• _THE PROBLEM_: Where the line with "在会上,班长向大家介绍了国家" appears below, start writing out lines exactly, and finish with the line with "메리다 빅세븐 풀카본", which is included; write out nothing else.

• _ENTRIES PROVIDED_:
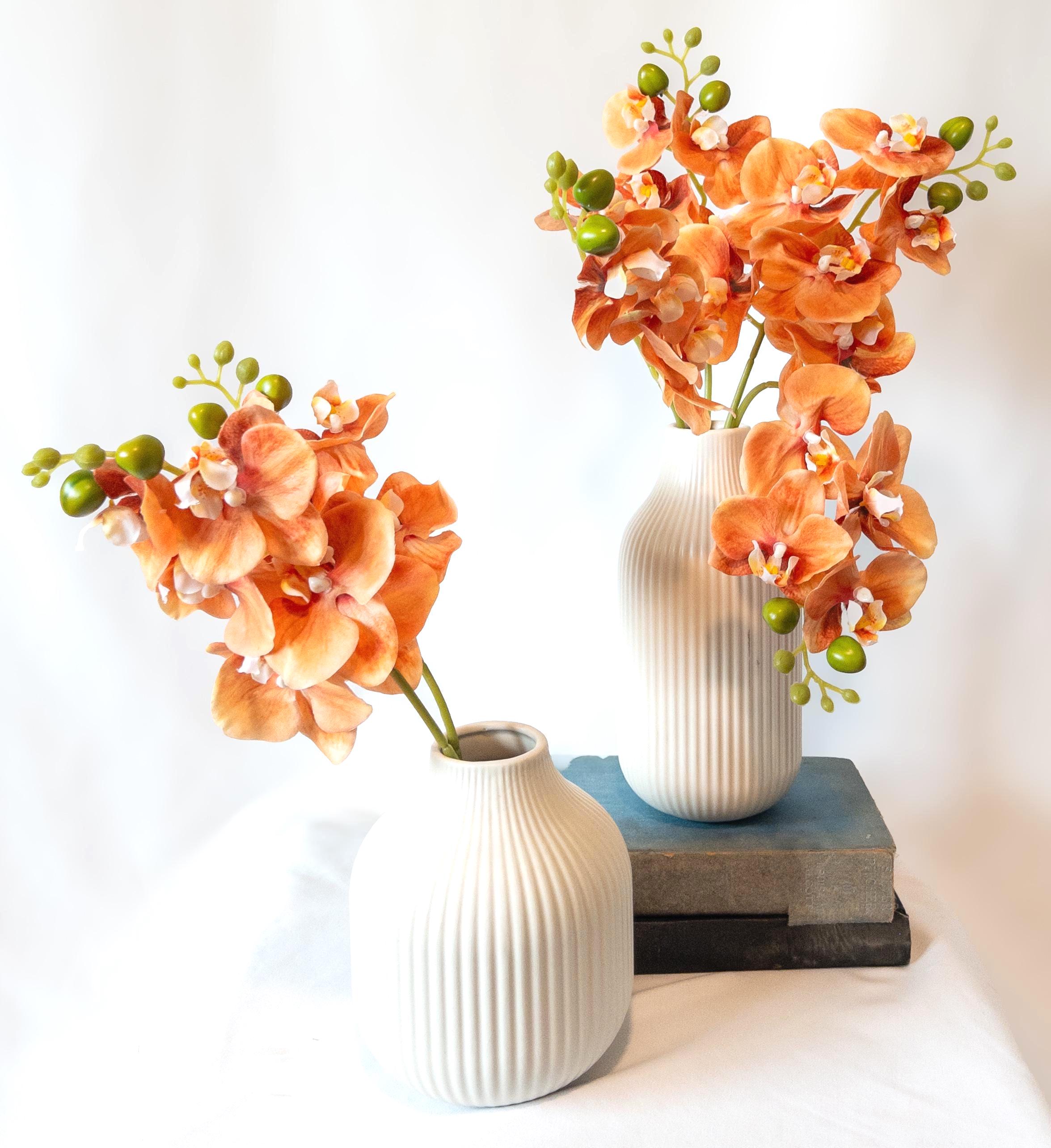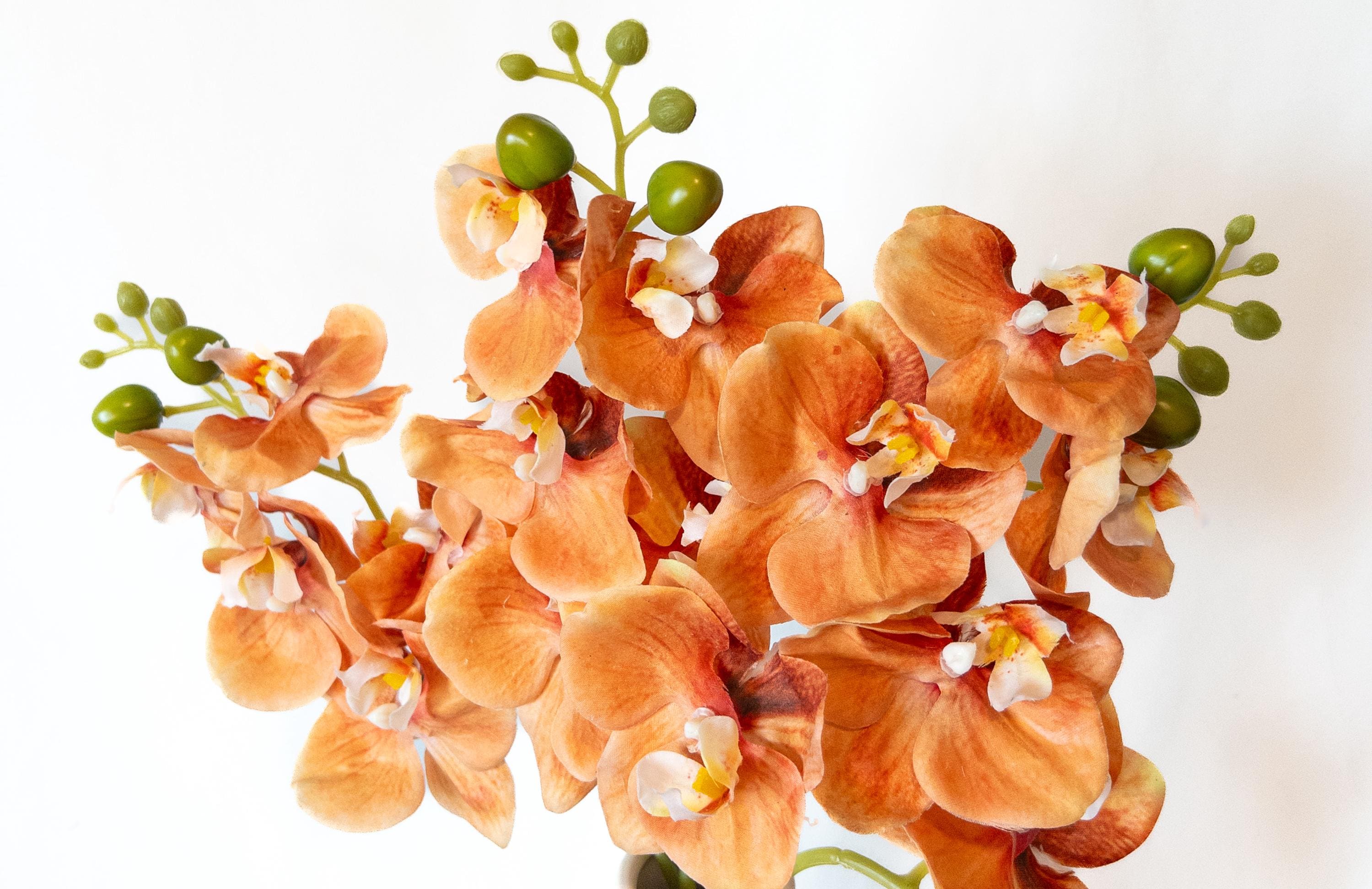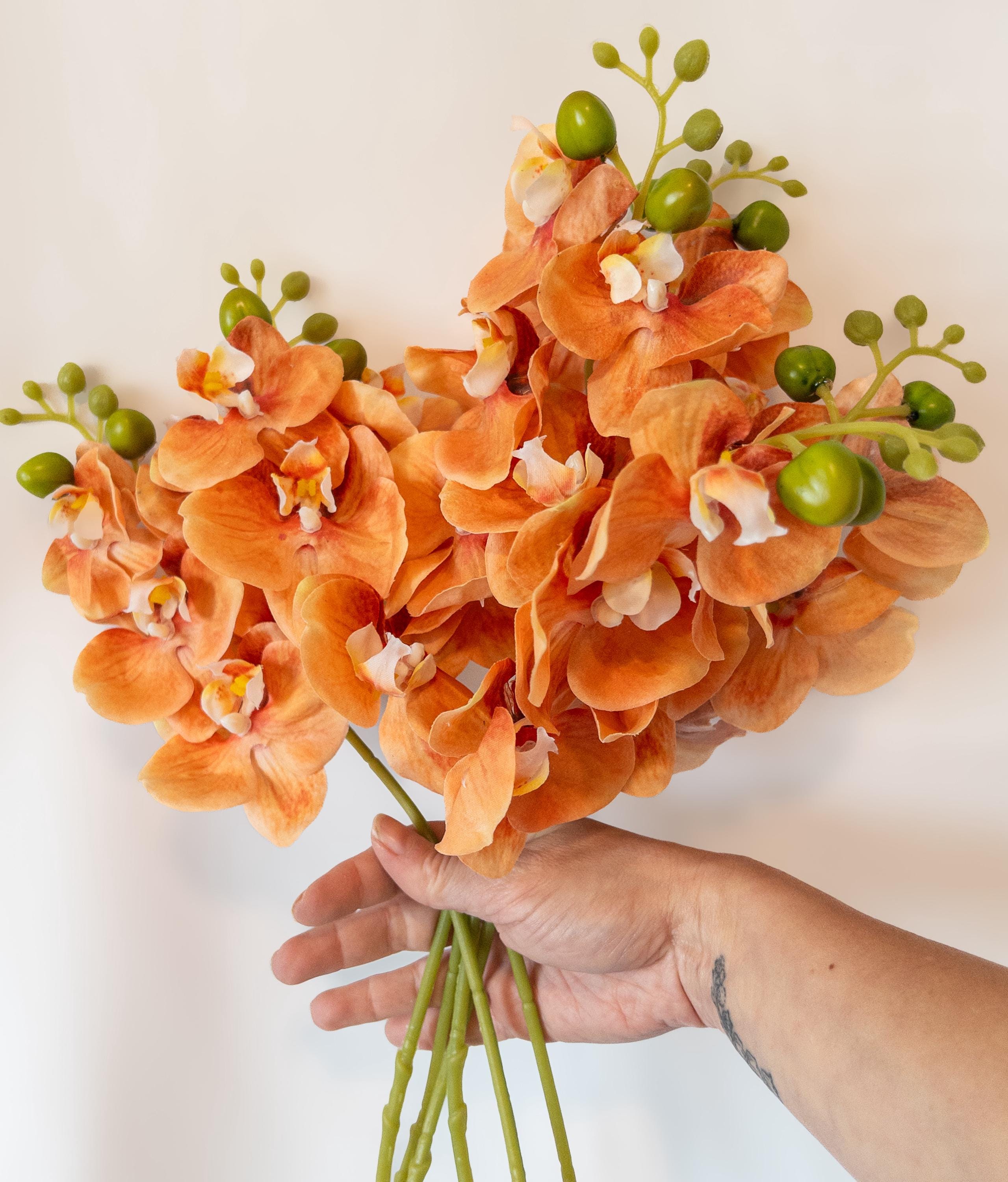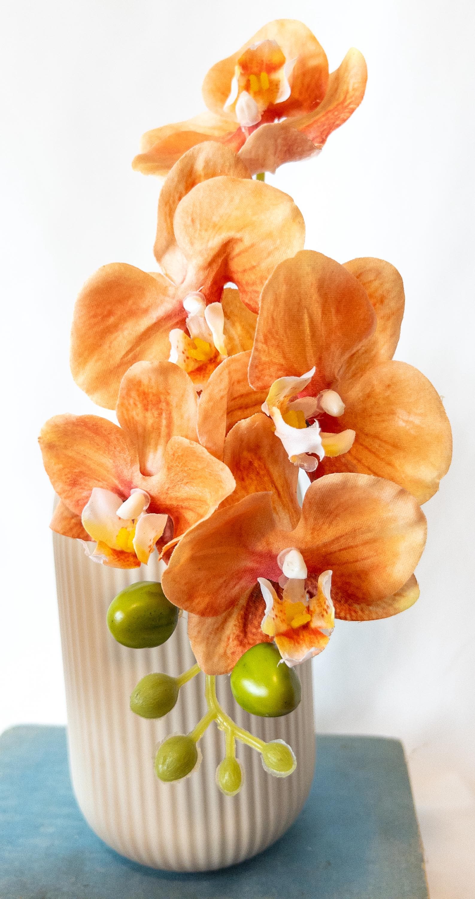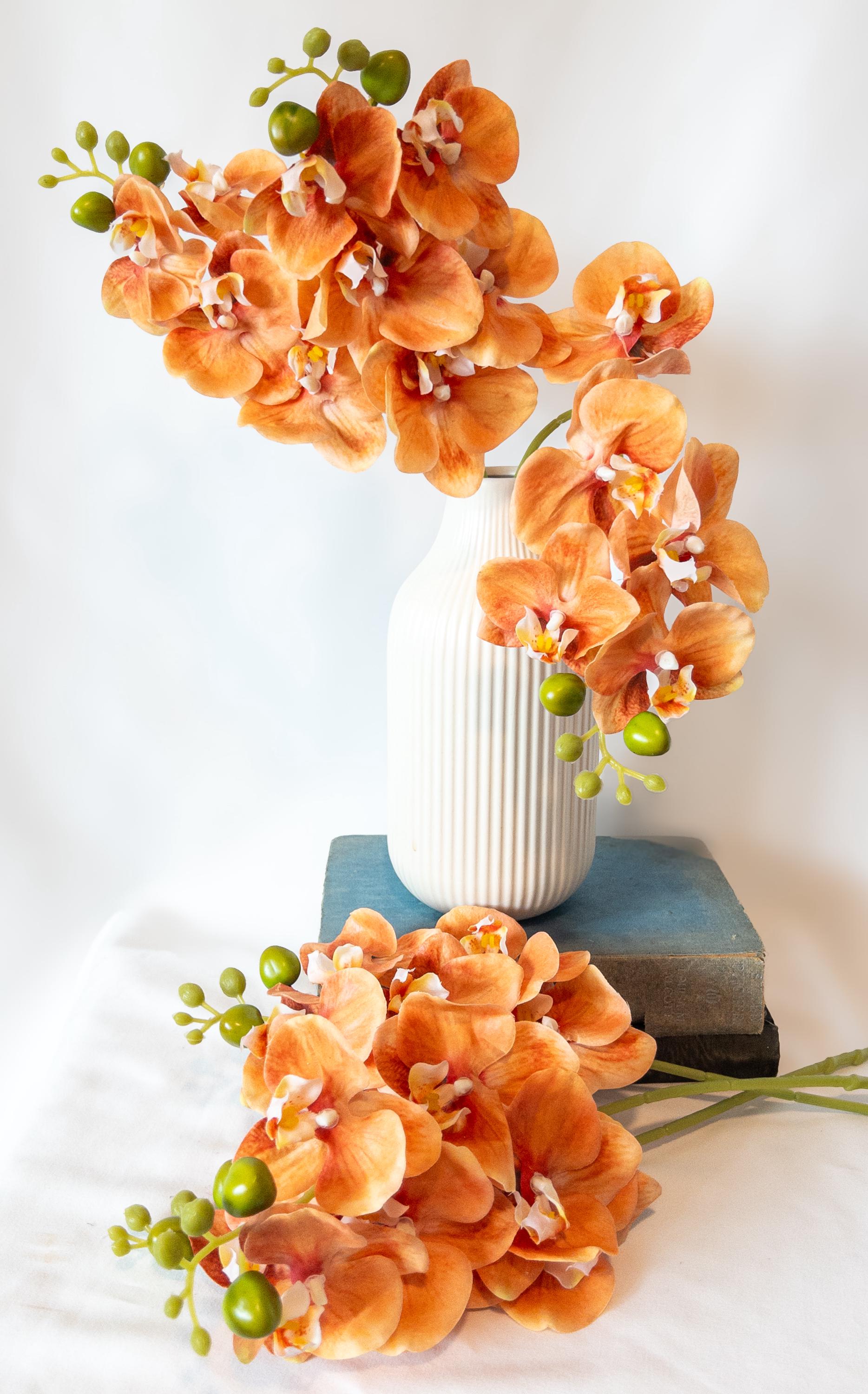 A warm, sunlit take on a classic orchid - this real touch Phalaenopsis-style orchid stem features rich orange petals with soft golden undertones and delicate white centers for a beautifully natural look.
* * *
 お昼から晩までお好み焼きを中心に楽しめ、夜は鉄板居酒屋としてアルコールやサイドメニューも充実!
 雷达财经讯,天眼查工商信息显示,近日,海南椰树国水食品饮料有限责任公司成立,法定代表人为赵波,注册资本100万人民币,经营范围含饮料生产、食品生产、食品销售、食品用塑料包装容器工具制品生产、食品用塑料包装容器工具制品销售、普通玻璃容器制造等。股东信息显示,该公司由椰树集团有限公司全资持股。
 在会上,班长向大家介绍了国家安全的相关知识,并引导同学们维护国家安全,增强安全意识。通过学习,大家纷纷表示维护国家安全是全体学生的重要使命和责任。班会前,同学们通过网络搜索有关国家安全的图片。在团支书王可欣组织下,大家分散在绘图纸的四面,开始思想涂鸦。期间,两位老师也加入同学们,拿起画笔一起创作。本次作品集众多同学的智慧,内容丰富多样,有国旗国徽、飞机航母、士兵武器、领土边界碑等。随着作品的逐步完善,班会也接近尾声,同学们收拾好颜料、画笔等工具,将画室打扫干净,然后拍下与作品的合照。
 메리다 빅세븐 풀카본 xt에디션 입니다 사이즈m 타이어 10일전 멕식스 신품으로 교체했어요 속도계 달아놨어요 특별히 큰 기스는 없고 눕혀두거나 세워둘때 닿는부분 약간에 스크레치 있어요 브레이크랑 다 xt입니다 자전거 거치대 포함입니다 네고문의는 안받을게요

• _TASK RESULT_:
 在会上,班长向大家介绍了国家安全的相关知识,并引导同学们维护国家安全,增强安全意识。通过学习,大家纷纷表示维护国家安全是全体学生的重要使命和责任。班会前,同学们通过网络搜索有关国家安全的图片。在团支书王可欣组织下,大家分散在绘图纸的四面,开始思想涂鸦。期间,两位老师也加入同学们,拿起画笔一起创作。本次作品集众多同学的智慧,内容丰富多样,有国旗国徽、飞机航母、士兵武器、领土边界碑等。随着作品的逐步完善,班会也接近尾声,同学们收拾好颜料、画笔等工具,将画室打扫干净,然后拍下与作品的合照。
 메리다 빅세븐 풀카본 xt에디션 입니다 사이즈m 타이어 10일전 멕식스 신품으로 교체했어요 속도계 달아놨어요 특별히 큰 기스는 없고 눕혀두거나 세워둘때 닿는부분 약간에 스크레치 있어요 브레이크랑 다 xt입니다 자전거 거치대 포함입니다 네고문의는 안받을게요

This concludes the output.